Sentiment Analysis of Insomnia-Related Tweets via a Combination of Transformers Using Dempster-Shafer Theory : Pre- and Peri-COVID-19 Pandemic Retrospective Study
©Arash Maghsoudi, Sara Nowakowski, Ritwick Agrawal, Amir Sharafkhaneh, Mark E Kunik, Aanand D Naik, Hua Xu, Javad Razjouyan. Originally published in the Journal of Medical Internet Research (https://www.jmir.org), 27.12.2022..
BACKGROUND: The COVID-19 pandemic has imposed additional stress on population health that may result in a change of sleeping behavior.
OBJECTIVE: In this study, we hypothesized that using natural language processing to explore social media would help with assessing the mental health conditions of people experiencing insomnia after the outbreak of COVID-19.

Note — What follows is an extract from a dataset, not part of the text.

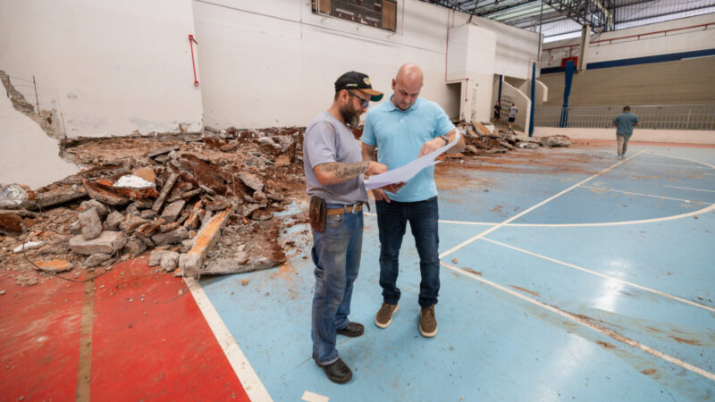 As obras começaram nesta terça-feira com a demolição do palco localizado na parte frontal da quadra, executada pela DAX Construtora Ltda., empresa vencedora do processo licitatório. A medida é necessária para a ampliação do espaço de jogo e adequação às dimensões oficiais. “Atualmente, a nossa quadra possui 18 metros de largura por 35,99 metros de comprimento. Para modalidades como o futsal e o handebol, o tamanho exigido é de 20 por 40 metros. A adequação da quadra às medidas oficiais, somada à implantação de piso modular e à instalação de 2,5 mil assentos individuais nas arquibancadas, permitirá que o ginásio volte a sediar competições oficiais”, detalhou o secretário.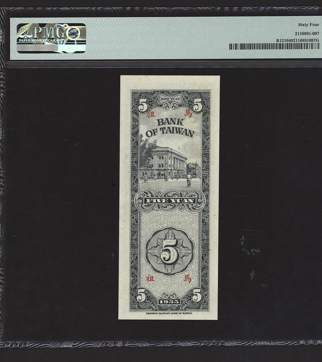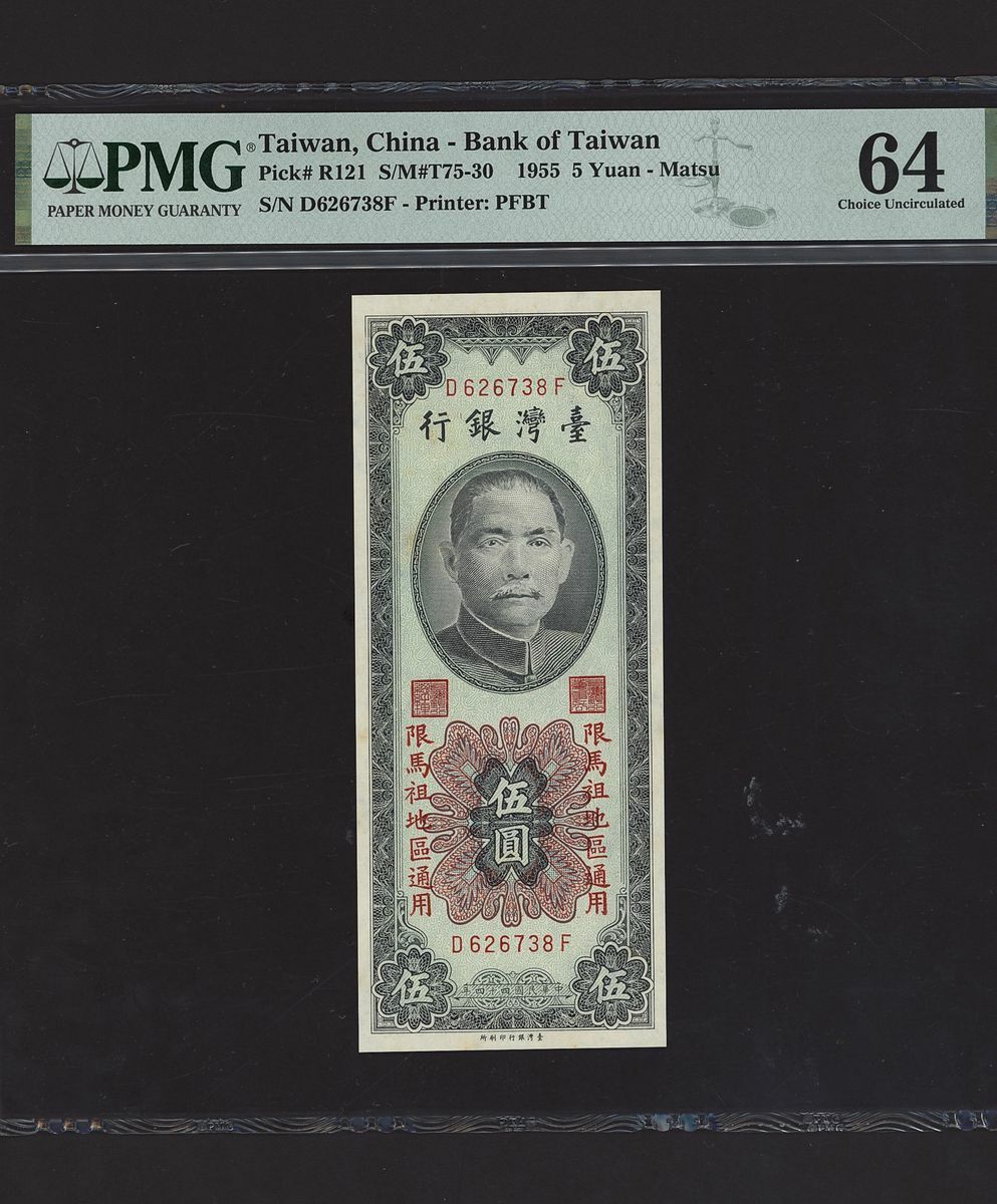 (x) Bank of Taiwan, Taiwan, China, Consecutive pair of 5 Yuan - Matsu, 1955, D 626738-39 F, (Pick R121, S/M#T75-30), in PMG holder 64 Choice Uncirculated (2 notes)

METHODS: We designed a retrospective study that used public social media content from Twitter. We categorized insomnia-related tweets based on time, using the following two intervals: the prepandemic (January 1, 2019, to January 1, 2020) and peripandemic (January 1, 2020, to January 1, 2021) intervals. We performed a sentiment analysis by using pretrained transformers in conjunction with Dempster-Shafer theory (DST) to classify the polarity of emotions as positive, negative, and neutral. We validated the proposed pipeline on 300 annotated tweets. Additionally, we performed a temporal analysis to examine the effect of time on Twitter users' insomnia experiences, using logistic regression.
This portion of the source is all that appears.